One of Facebook's primary goals is to provide a personalised experience to every user. They do this by looking at your profile, interaction with adverts, and people to people interaction, however they haven't invested a lot of time in understanding the content itself. At the Women in Machine Intelligence Dinner in San Francisco this January 23, Annie Liu, Research Scientist and Cristina Scheau, Engineering manager, Computer Vision at Facebook will be presenting their current work in machine learning and deep learning. Cristina will be sharing her work in deep learning for search relevance from the perspective of users whilst Annie will share how Facebook approach the content understanding problem by combining signals from text, images, videos, and audios.
I spoke to Annie in the run up to the event to hear more about her work and what we should expect from the dinner next week.
I work on a sub team in news feed that focuses on understanding content (posts) in Facebook. A post may contain text, images, videos, emojis, hashtags, comments, reactions, …etc.. and our goal is to take all these signals to come up with meaningful labels for each post. Traditionally there are two approaches to content understanding – 1) learn an embedding for the content, 2) explicitly tag the content with labels. The advantage of 1) is that it can be trained in the absence of a taxonomy. The advantage of 2) is that since these labels are interpretable, it can be exposed in different products. For example, if we understand that a post is about “politics” then we can give users control to either increase or decrease such content in their news feed.
At Facebook, we’re working on both approaches, but my team specifically focuses on approach 2), where we maintain a taxonomy of ~3000 categories and build hierarchical models to classify posts into a subset of these categories. Currently we’re classifying all English posts and the results are used in various recommendation/ranking products to make the results more personalized.
My PhD research was on statistical machine learning in large scale sensor network. While it prepared me for fundamentals in machine learning, I didn’t have much experience in ranking before joining Facebook. My first two years in Facebook was on the entities team working on entity resolution and classification and I only picked up ranking and started thinking about personalization mostly after joining the news feed ranking team. Easy team transition is built into Facebook’s culture and I’m very grateful for the opportunities that allow me to continue learning even after 4 years at the company.

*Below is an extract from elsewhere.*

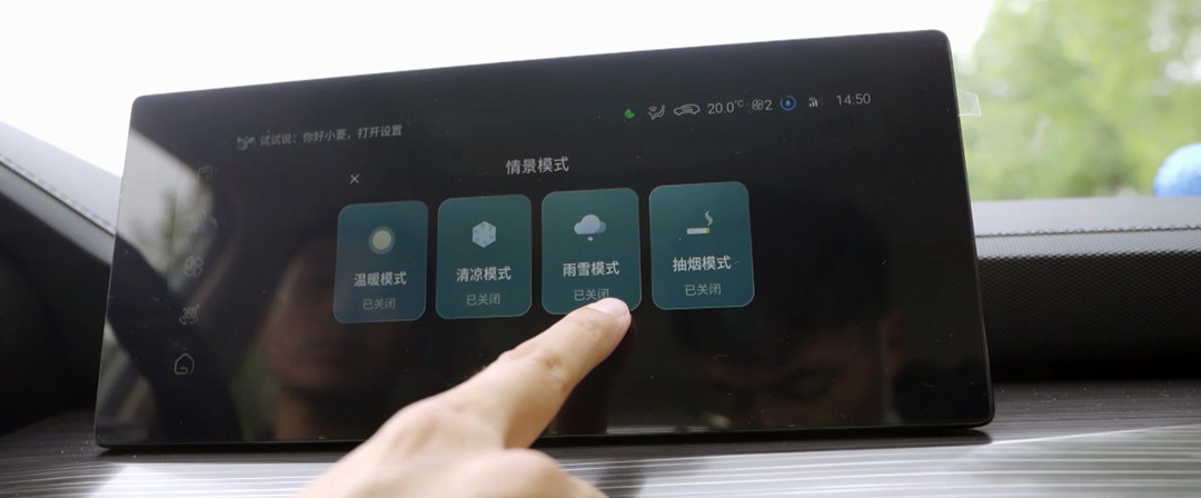 值得一提的是,车主可以通过切换不同场景,来实现更智能化用车的效果。例如,遇到雨雪或者内外温差较大的情况时,可以切换至雨雪模式,车辆会自动打开车窗加热,雨刮也会自动开启。

Being able to provide personalized results is super important to Facebook’s eco system, and has profound use cases from news feed to ads and to search. However, overly personalized content has attracted the company some criticisms, especially around the discussion on echo chamber. Sometimes deliberate choice has to be made such that we’re not putting gas to an already divided environment. These difficult decisions are usually the results of many months of research and preparation that go beyond the typical disucssion of machine learning and optimization. The decision to kill clickbaits and sensational contents is one example; Mark Zuckerberg’s recent announcement to shift news feed back to focus on family and friends is another. These decisions don’t always align well with existing objective function that we’re optimizing, which provides a constant challenge to everyone working on the products.
There are so many examples I don’t know where to start! Facebook has transitioned into an AI driven company. Pretty much all the products you have used on Facebook have some AI components, whether it’s showing you the more relevant comments, summarizing trending news, fighting spammers, or preventing suicides. A particular example I worked on recently is to use machine learned model to detect clickbaits and sensational posts – these posts (with titles such as “A woman walks into a bar, and you’ll never believe what happens next!”) generate tons of engagements but were consistently among the top 3 complaints about news feed. We trained a ConvNet that takes in texts as well as other meta data features to predict how likely a post is a clickbait and use the predictions to demote such posts on news feed. This shift, albeit caused certain engagement metrics to drop, has dramatically improved the user experience on news feed.
I’m very excited about many recent developments in AI, such as machine learning in pharmaceuticals to accelerates drug development, and machine learning applied to arts and fundamental sciences. But if I have to choose one, it’d be self-driving car. Like many people living in the bay area, I commute on 101 daily to work, and like many people who opt in for this choice, I hate it, especially when the already bad traffic is made even worse by accidents. It seems to me that there’s already a solution to this problem with self-driving cars that communicate with each other and it’s only a matter of time that this becomes a reality. And it’s unavoidable that the current industry that provide driver services would be impacted directly.
Machine learned models are trained on real-world data and so it’s unsurprising that they capture real-world biases. Not all biases are bad – the synonym of “bias” in machine learning is “prior” and everyone who has studied Bayesian statistics knows how powerful prior is. However, there are biases that we deliberately choose to avoid, such biases range from gender (trying googling “images of CEOs”), racial (e.g. Google’s “images of gorillas” problem), to religion (e.g. Facebook’s translation caused the arrest of a Palestinian man). There really is no silver bullet solution that would solve the bad bias problem and all we can do as machine learning engineers is to be extra cautious when building products powered by models by asking questions such as “is our label collection guideline as clear and neutral as possible?”, “are all the features we engineered free of human biases?”, and “Is the potential risk low enough to use this model in this product?”. In practice, we have certainly called off model launches because we couldn’t give positive answers to these questions and it is the right thing to do as a company that has social responsibility.